I have a question for you do you feel or think that your wife is manipulating you and holding control over you? my other question is how emotionally volatile have you been and is it getting too far and few in between as time passes?
I only feel manipulated and controlled a bit when it comes to parenting our kids. I feel like my opinions and decisions are not valued. My W gets pretty worked up around them, and in those situations I try to react and resolve the situation. Is that her controlling, or is it my issue because I can't deal with her high-stress? Little of both I guess.
Otherwise I don't really feel manipulated or controlled. I used to more, when I thought that all my sacrifices (letting go of friends and hobbies) were for the sake of my W and my family. But truthfully I made those decisions.
What I really feel is unloved. And it h.u.r.t.s.

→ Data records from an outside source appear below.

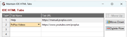 The Maintain IDE HTML Tabs window opens. Tab #1, which is named Help, is already provided. It cannot be modified, deleted or moved. |
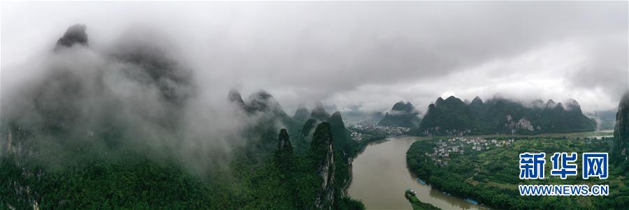 這是在廣西桂林市陽朔縣興坪鎮拍攝的山水風光(5月21日攝,無人機全景照片)。“蒼蒼森八桂,茲地在湘南。江作青羅帶,山如碧玉篸……”一千多年前,唐朝詩人韓愈寫盡桂林山水之美。初夏時節,在廣西桂林市陽朔縣興坪鎮,藍天白云下,煙雨朦朧中,桂林山水盡顯秀美。新華社記者 周華 攝
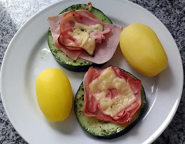 mit Schinknen und Käsescheibe belegen, dazu Salzkartoffeln
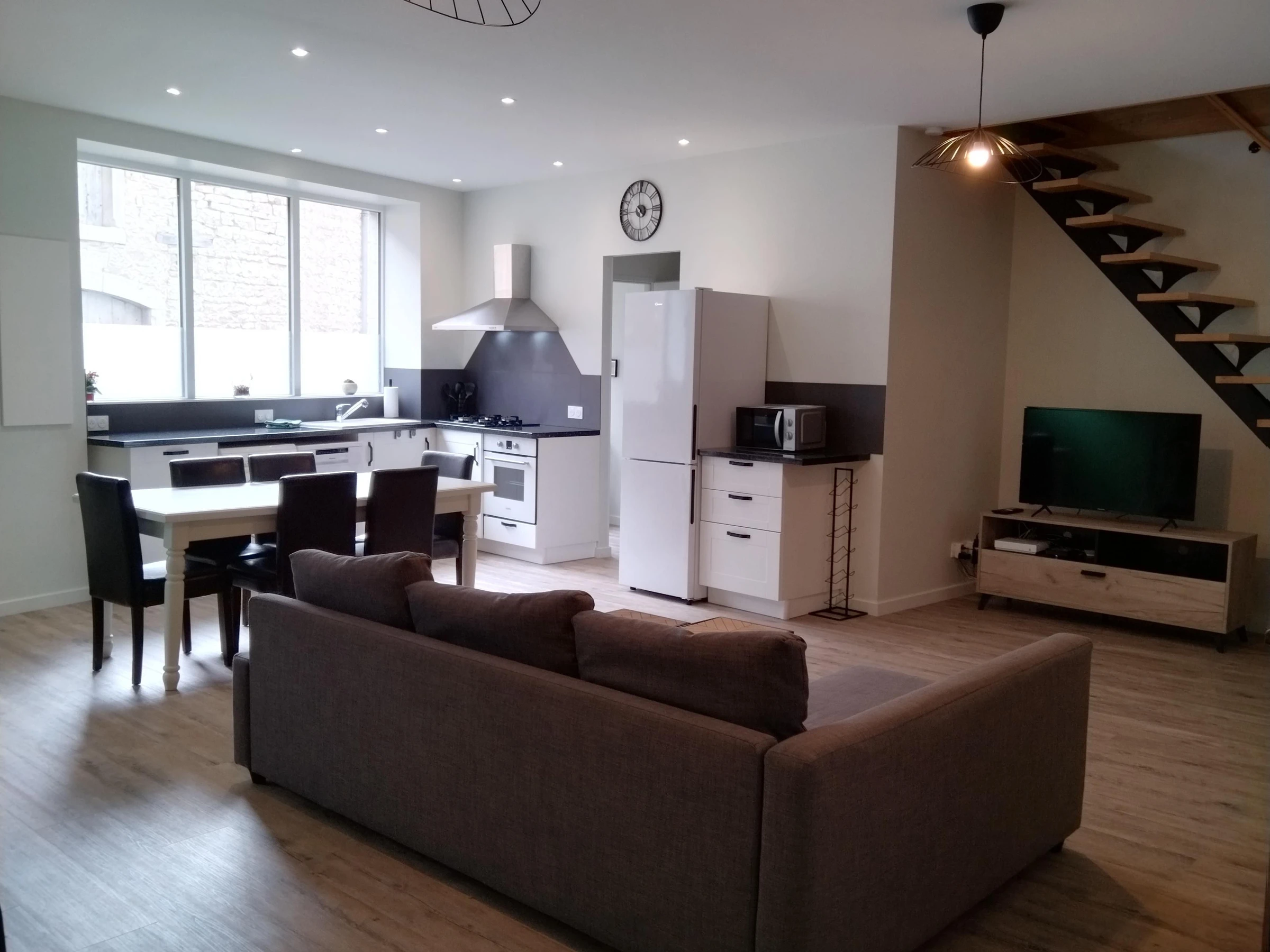 Au RDC, grande pièce de vie lumineuse de 50 m² tout confort, avec TV écran plat. Cuisine ouverte équipée. Cellier attenant avec machine à laver et WC indépendant.
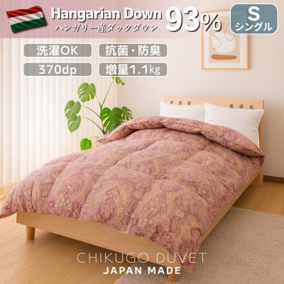 詰め物:ダックダウン85%、スモールフェザー15% (充填量1.2kg) ダウンパワー340以上
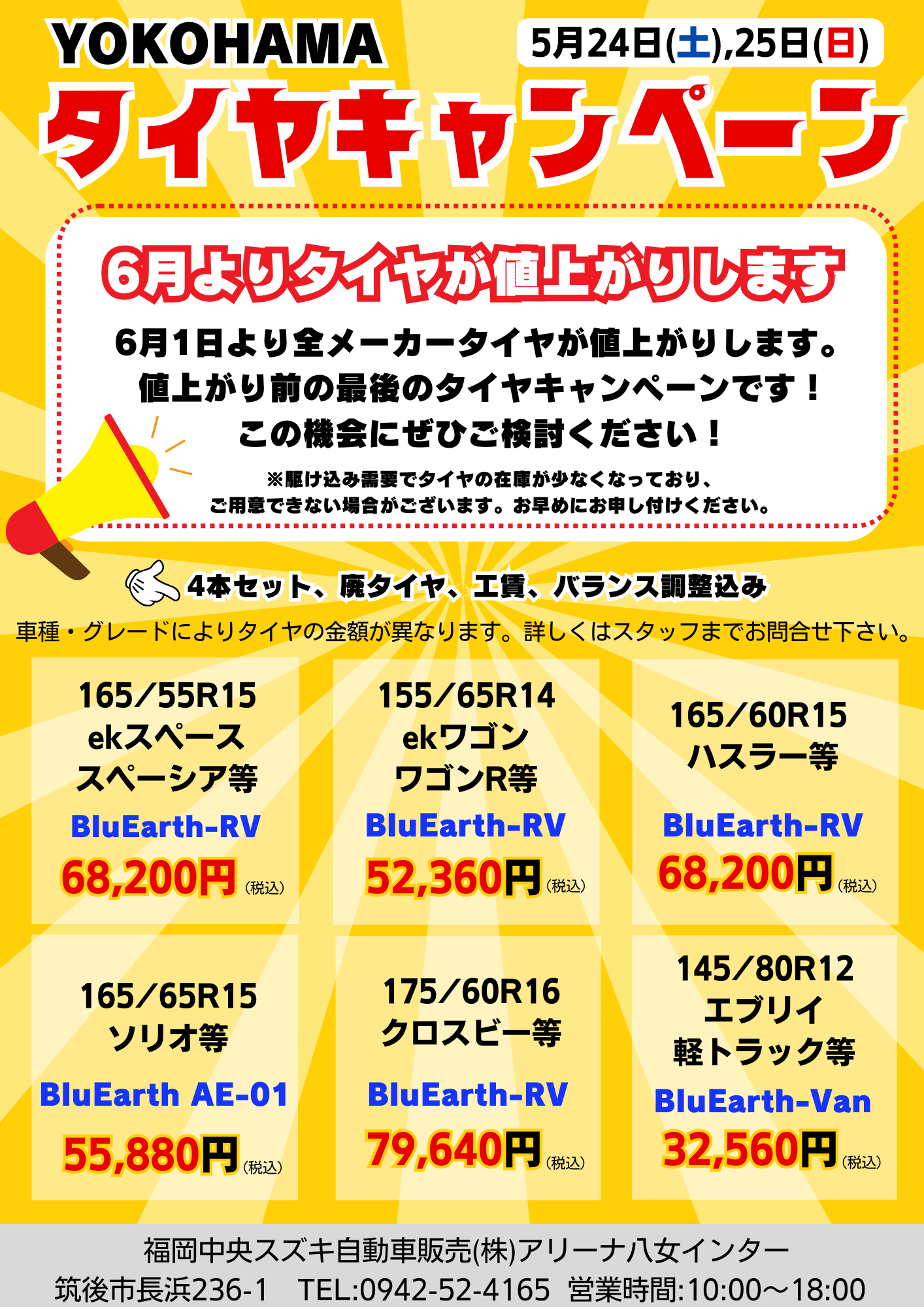 ★値上がり前最後のタイヤキャンペーン★
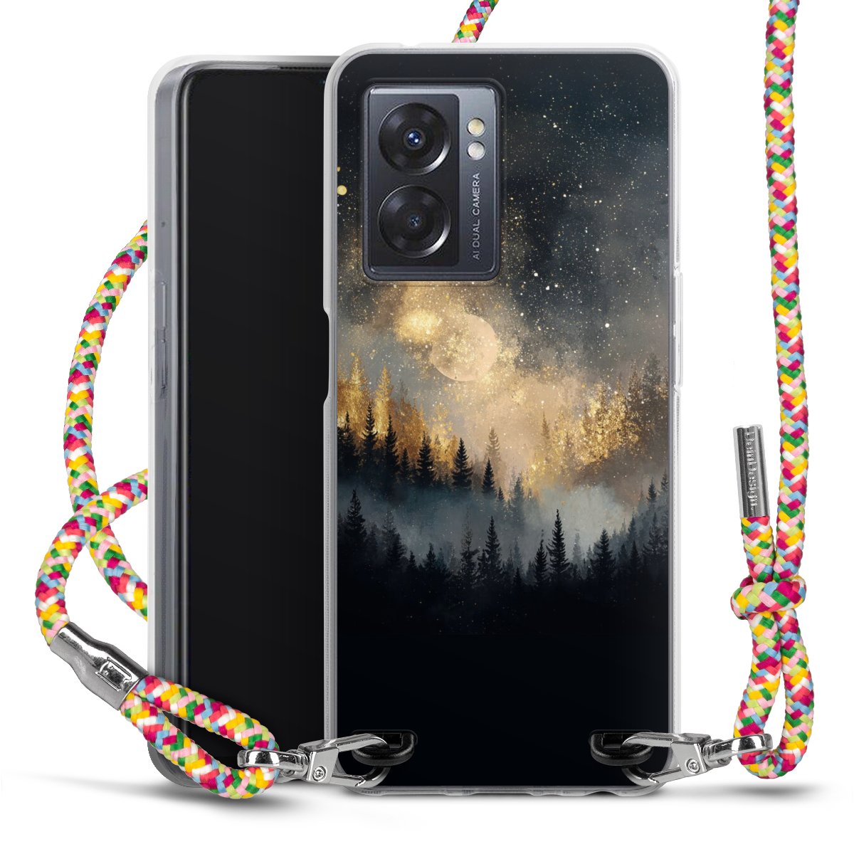 The flexible case is made from a highquality TPU material (thermoplastic Polyurethan). Thanks to its longlasting and break resistant characterisitcs, the case is flexible yet consistent in form and has a great grip and feel. The textile strap made from Polyester gives a chic yet casual accent allowing you to carry your phone like a bag or necklace - a practical gadget perfect for your next adventure. The textile strap is about 1.70 meters long and the length can easily be adjusted through the knots. Our Carry Case is available in Colourful, Mint-Camouflage, Very-Berry, Sahara-Sand and Sparkling-Neon. The ends of the textile strap are covered with metallic end caps to protect them against fraying.
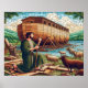 A imagem mostra Noé fazendo os feixes da arca, enquadrados por uma paisagem de tranquilidade. Os animais reúnem-se em torno da arca crescente, que é um sinal monumental de fé e intervenção divina.
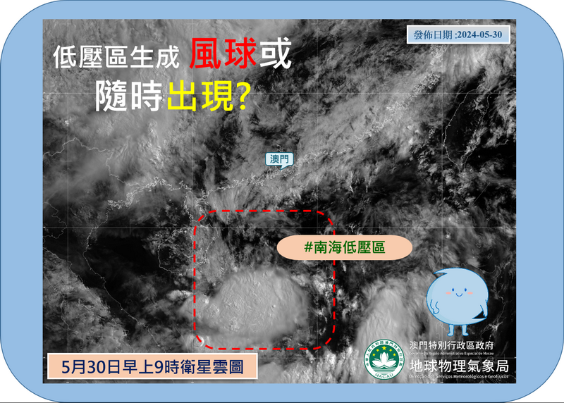 【本報消息】南海中部一道廣闊低壓槽相關的對流雲團,在周四下午發展成為低壓區後進一步增強為熱帶氣旋,氣象局也宣佈在下午五時半懸掛一號風球,預料該熱帶氣旋未來一兩日將靠近華南沿岸。受其影響,本澳未來兩日(5月31日及6月1日)將有驟雨及雷暴,風勢會較大。
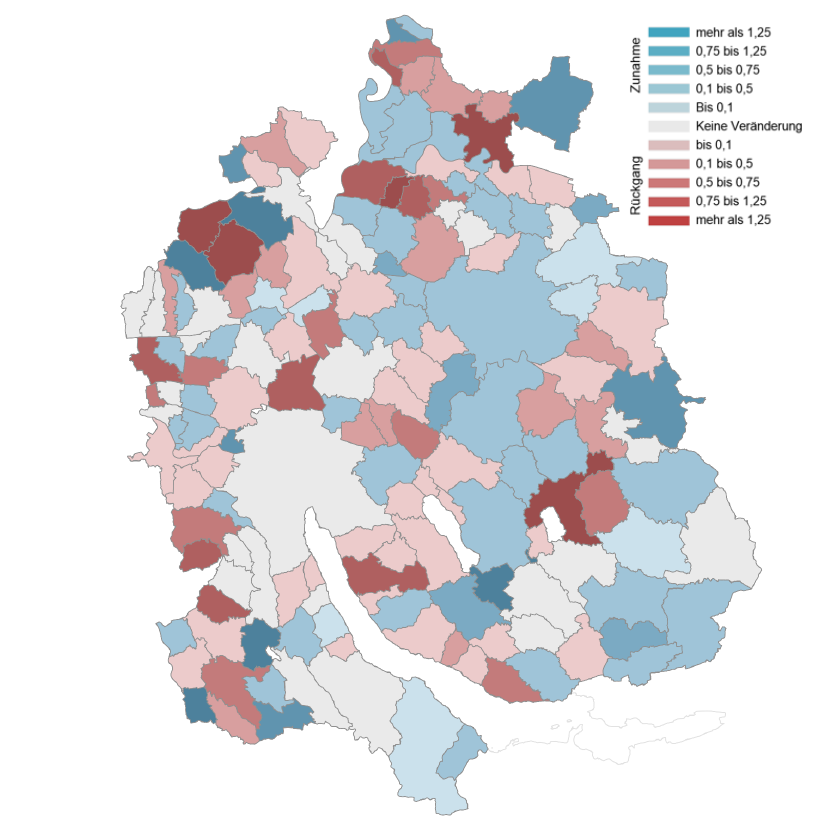 In insgesamt 86 Gemeinden ging die Zahl der Leerstände um total 1373 Wohnungen zurück. Dominiert wurde der Rückgang von den Gemeinden Pfäffikon (–153), Zürich (–141), Küsnacht (–92) und Rümlang (–80), in 34 weiteren Gemeinden reduzierte sich die Zahl der leerstehenden Wohnungen um zehn oder mehr. Umgekehrt stieg die Zahl der Leerstände in 62 Gemeinden um total 698 Wohnungen. Den grössten Beitrag zu diesem Anstieg leisten die Gemeinden Winterthur (+110) und Uster (+53). Lediglich in 18 Gemeinden wuchs der Leerstand um mehr als 10 Wohnungen.

For your other question, I have been very emotionally volatile since I realized she was thinking about leaving me. I felt betrayed. I pulled the car over. I poured my heart out in apology after apology letter. Every day I have a 30-45 minute period where I am just floored with anxiety and grief. The difference is that I'm better at restraining myself around my W, at not acting on those emotions. This is where I get stuck a bit, because I feel like "If she only knew that I knew, she might be more understanding of my reactions." But probably not... she is gone already. Somewhere along the way my W crossed the threshold, long before I knew it.
I hope someday the extreme emotions subside. I accept that it's part of the grieving process and it's going to take several months at least. It's normal for me to feel this way. I have a tinge of catastrophic thinking which is not healthy and fuels the extremes, but otherwise I think it's completely okay to have these feelings.
I don't know... I accept what I am facing. I don't have a choice. That pain and hurt floods me every single day, and all I can do is accept it, endure it, and hopefully get a little bit stronger each day. After about 2 months, I can't tell that I feel any better when the flood comes, I'll be honest. It makes me want to panic, I just want to talk to somebody, I just want to resolve my pain, feel a little better. But at least I don't go running to my W for soothing anymore.